Console* Console::m_pInstance = NULL;
Console::Console()
{
}
Console::Console(Console const&)
{
}
Console& Console::operator=(Console const&)
{
}
Console* Console::getInstance()
{
if (!m_pInstance) // Only allow one instance of class to be generated.
m_pInstance = new Console;
return m_pInstance;
}
template <typename T>
void Console::readObjectData(T& o) {
//cin >> o;
}
main.cpp
http://pastebin.com/U6qAJUN1
#include "Console.h"
using namespace std;
int main()
{
string a;
Console::getInstance()->readObjectData(a);
return 0;
}
any ideas?
You cannot define template<>'d function in .cpp file.
Move
template <typename T>
void Console::readObjectData(T& o) {
//cin >> o;
}
To header file.
You did not implemented this method. You have to provide implementation for your template in .h file
Because you've not put the implementation of readObjectData in the header, you will need to provide an explicit specialization of the function - one that takes std::string&.
This should go in Console.cpp:
template <>
void Console::readObjectData(string& o) {
//cin >> o;
}
You cannot place your template method implementation in Console.cpp it must appear in the header file, or you must implement an explicit specialization for std::string.
The definition for the templated function (readObjectData) has to be inlined, not in a .cpp file.
The compiler when it see's a class with a templated function, or a templated class, makes a copy of the entire class with the new type stuck in there. So if you stick the definition of the function in the .cpp file, the compiler will not know where the implementation is because it doesn't exist.

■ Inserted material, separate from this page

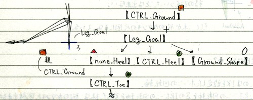 LegGoalはATZの片足の全体制御用のアイテムに当たるものになりますが、あくまで足の裏の中心で制御したいのでCTRL_Groundを一番親にして足を制御します。
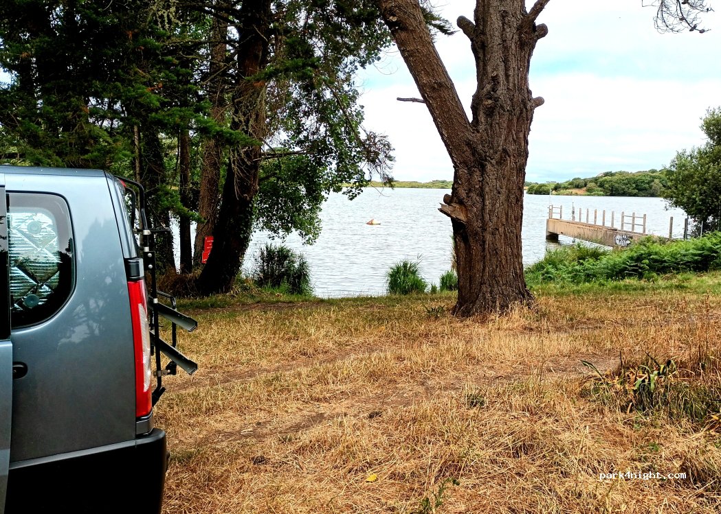 Au bord de l’étang de Lannenec, un espace bien plat, au calme, accessible en van avec possibilité de faire demi tour facilement.

In the process of converting some C++ files to the output( executive, shared library or ... ) 2 tools will co-operate, first compiler that create object files and then linker that convert those objects to the output. What you should know is that linker has nothing to do with template( except in special case of explicit instantiation ), and templates will be instantiated by compiler and another note is compiler work with each source files and headers that included in that source file and ignore all other files of your project. So when compiler want to compile main.cpp it see no implementation of readObjectData and thus it can't generate any code in the object files for that function, and when linker want to link objects to result it will never find an implementation for that function! So the easiest way is to move your implementation of readObjectData to the .h file and every thing will work as expected.